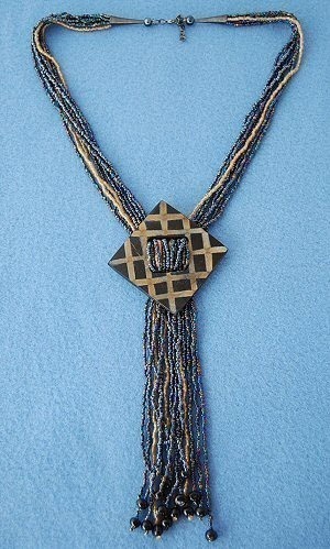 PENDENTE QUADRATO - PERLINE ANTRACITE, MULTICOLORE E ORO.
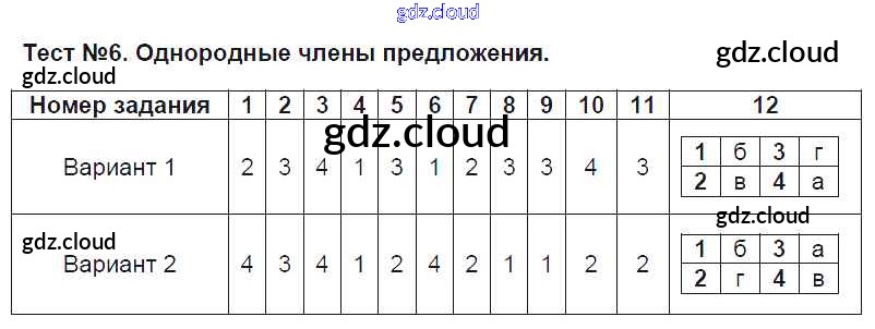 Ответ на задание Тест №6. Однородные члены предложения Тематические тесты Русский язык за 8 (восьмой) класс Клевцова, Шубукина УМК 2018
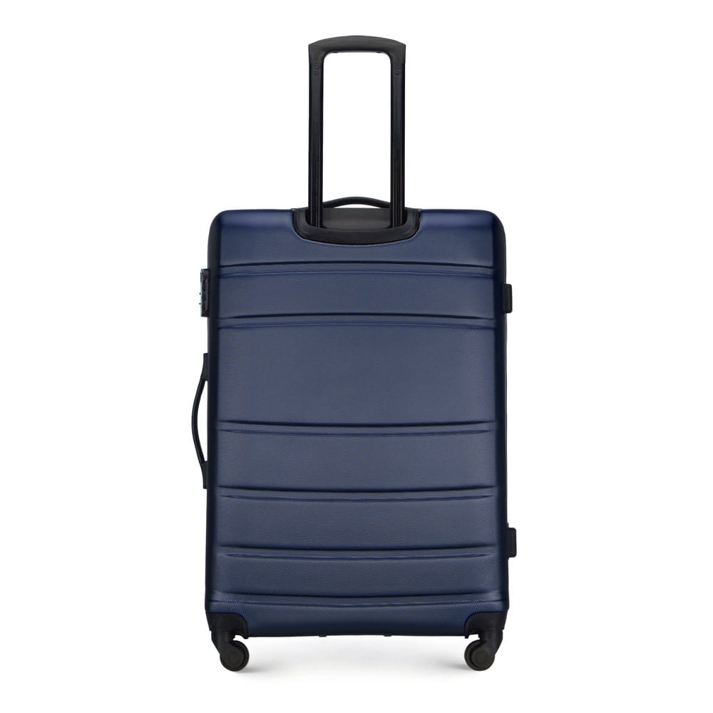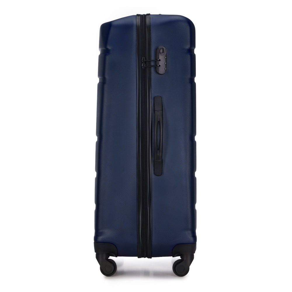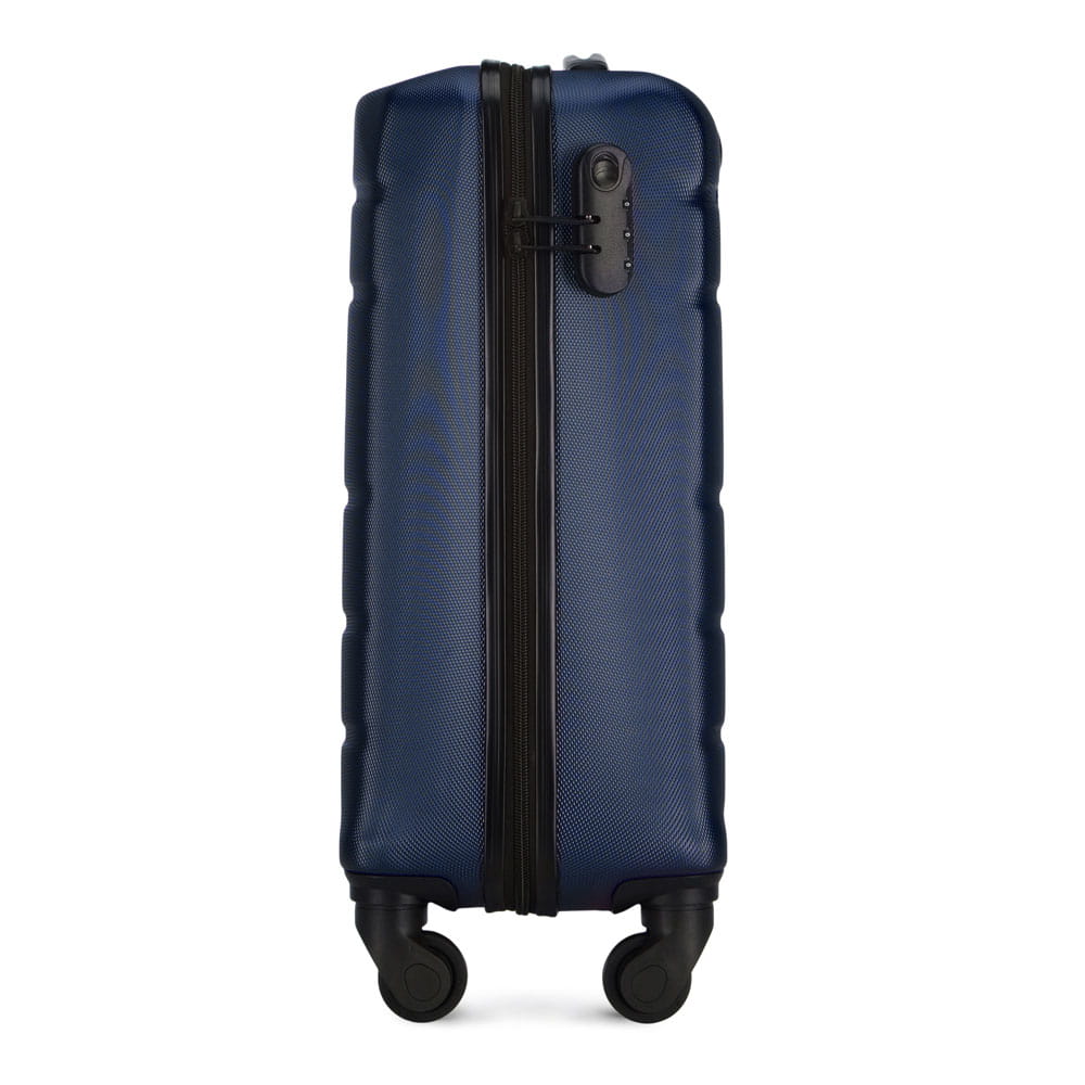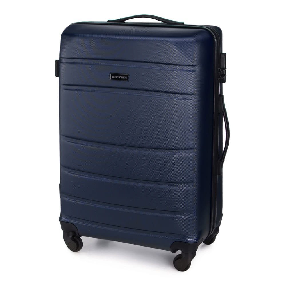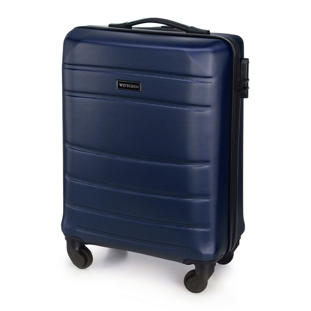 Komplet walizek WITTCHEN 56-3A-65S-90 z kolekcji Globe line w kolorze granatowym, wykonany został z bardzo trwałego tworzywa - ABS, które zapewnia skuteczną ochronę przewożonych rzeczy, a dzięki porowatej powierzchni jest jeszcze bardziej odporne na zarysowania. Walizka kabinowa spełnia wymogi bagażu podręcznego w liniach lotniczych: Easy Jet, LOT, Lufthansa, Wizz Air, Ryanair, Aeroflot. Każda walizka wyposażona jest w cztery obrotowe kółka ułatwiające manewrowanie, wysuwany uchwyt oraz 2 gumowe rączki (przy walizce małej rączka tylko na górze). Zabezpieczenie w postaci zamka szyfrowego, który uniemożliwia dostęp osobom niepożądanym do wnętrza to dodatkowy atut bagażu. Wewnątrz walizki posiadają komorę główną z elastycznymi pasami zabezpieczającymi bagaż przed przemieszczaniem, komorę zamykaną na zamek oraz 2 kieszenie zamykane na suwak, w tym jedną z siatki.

******

** TASK DIRECTIONS **
Where pictures appear, drop them, and reproduce exactly only the lines running from the beginning of the data to the line that contains "Ответ на задание", inclusive.

** COMPLETED EXERCISE **
 PENDENTE QUADRATO - PERLINE ANTRACITE, MULTICOLORE E ORO.
 Ответ на задание Тест №6. Однородные члены предложения Тематические тесты Русский язык за 8 (восьмой) класс Клевцова, Шубукина УМК 2018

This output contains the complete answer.